The following is the list of Hive modules and their usage in Hive:

accumulo-handler: Apache accumulo is a distributed key-value datastore based on Google Big Table. This package includes the components responsible for mapping the Hive table to the accumulo table. AccumuloStorageHandler and AccumuloPredicateHandler are the main classes responsible for mapping tables. For more information, refer to the official integration documentation available at https://cwiki.apache.org/confluence/display/Hive/AccumuloIntegration.
ant: This tool is used to build earlier versions of Hive source. Ant is also needed to configure the Hive Web Interface server.

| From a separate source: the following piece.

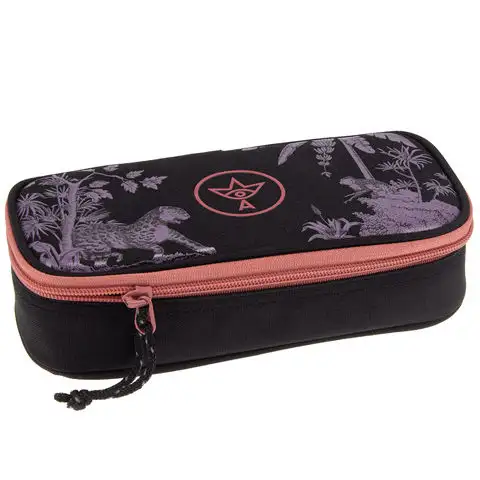 Penál s tropickým vzorem džungle na černém podkladu a broskvově barevným zipem, který svému majiteli může propůjčit opravdu stylový vzhled během školních dnů. Díky 100% polyesterovému materiálu je velmi odolný a má vodoodpudivý efekt, takže se snadno nezašpiní a je snadno čistitelný. Délka penálu 21 cm umožňuje pohodlně uložit pravítko nebo kružítko spolu s dalšími psacími potřebami.

beeline: A Hive client used to connect with HiveServer2 and run Hive queries.
bin: This package includes scripts to start Hive clients and services.
cli: This is a Hive Command-line Interface implementation.
common: These are utility classes used by other modules.
conf: This contains default configurations and uses defined configuration objects.
contrib: This contains Serdes, generic UDF, and fileformat contributed by third parties to Hive.
hbase-handler: This module allows Hive SQL statements to access HBase tables for SELECT and INSERT commands. It also provides interfaces to access HBase and Hive tables for join and union in a single query. More information is available at https://cwiki.apache.org/confluence/display/Hive/HBaseIntegration.
hcatalog: This is a table management framework that helps other frameworks such as Pig or MapReduce to access the Hive metastore and table schema.
hwi: This module provides an implementation of a web interface to run Hive queries. Also, the WebHCat APIs provide REST APIs to access the Hive metastore.
Jdbc: This is a connector that accepts JDBC connections and calls to execute Hive queries on the cluster.
Metastore: This is the API that provides access to metastore entities including database, table, schema, and serdes.
odbc: This module implements the Open Database Connectivity (ODBC) API, enabling ODBC applications to connect and execute queries over Hive.
ql: This module provides an interface to clients that checks for query semantics and provides an implementation for driver, parser, and query planner.
Serde: This module has an implementation of serializer and deserializer used by Hive to read and write data. It helps in validating and parsing record and field types.
shims: This is the module that transparently intercepts and modifies calls to the Hive API, usually for compatibility purposes.
spark-client: This module provides an interface to execute Hive SQLs on a Spark framework.